A History of the Barrow Cadbury Trust: Constancy and Change in Quaker Philanthropy (2013)

Book
By: 
Merlin Waterson and Samantha Wyndham with a foreword by Professor Sir David Cannadine
Publisher: 
Barrow Cadbury Trust
Publishing information: 
RRP £20
March 2013

A lively history that traces the story of the Barrow Cadbury Trust. Since its foundation in 1920 the Barrow Cadbury Trust has been in the vanguard of social change. Inspired by Quaker beliefs and a vision for a more just society, the trust’s founders Barrow and Geraldine Cadbury used their increasing wealth, drawn from the famous chocolate company, to tackle profound social ills, including juvenile crime and urban poverty.

Standing apart from other philanthropists, even rejecting the term itself and the patronage it implied, Barrow and Geraldine were influential social reformers who worked ceaselessly to improve the communities around them.

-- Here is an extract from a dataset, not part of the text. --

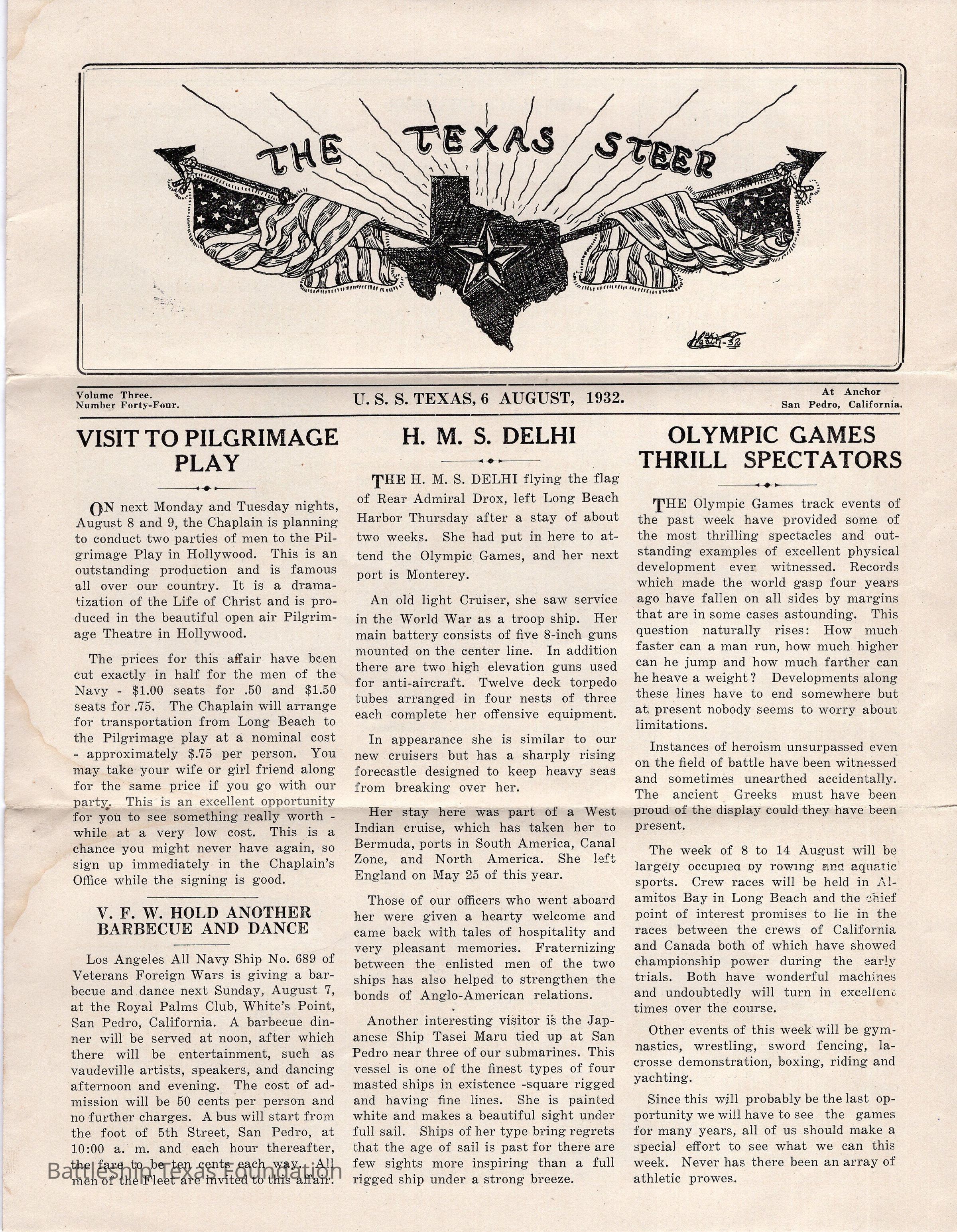 Vol 3 No. 44 USS Texas published newspaper from 6 August, 1932 while she was at anchor in San Pedro, California. Artwork on front and back by Buford K. Heath.
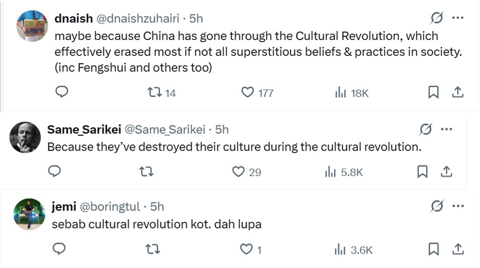 In contrast, the Chinese community in Malaysia could still hold on to their beliefs and culture as they migrated before the upheaval of the Cultural Revolution (1966-1976). One commenter even shared a YouTube link explaining precisely why this phenomenon exists.

A History of the Barrow Cadbury Trust: Constancy and Change in Quaker Philanthropy, by Merlin Waterson and Samantha Wyndham, tells the story of their groundbreaking work, first in Birmingham and the West Midlands and later elsewhere in the United Kingdom and overseas. The book also describes how subsequent generations of the Cadbury family have ensured that the work of the trust has continued to evolve with the changing social context, straddling the creation of the welfare state for which they had long argued.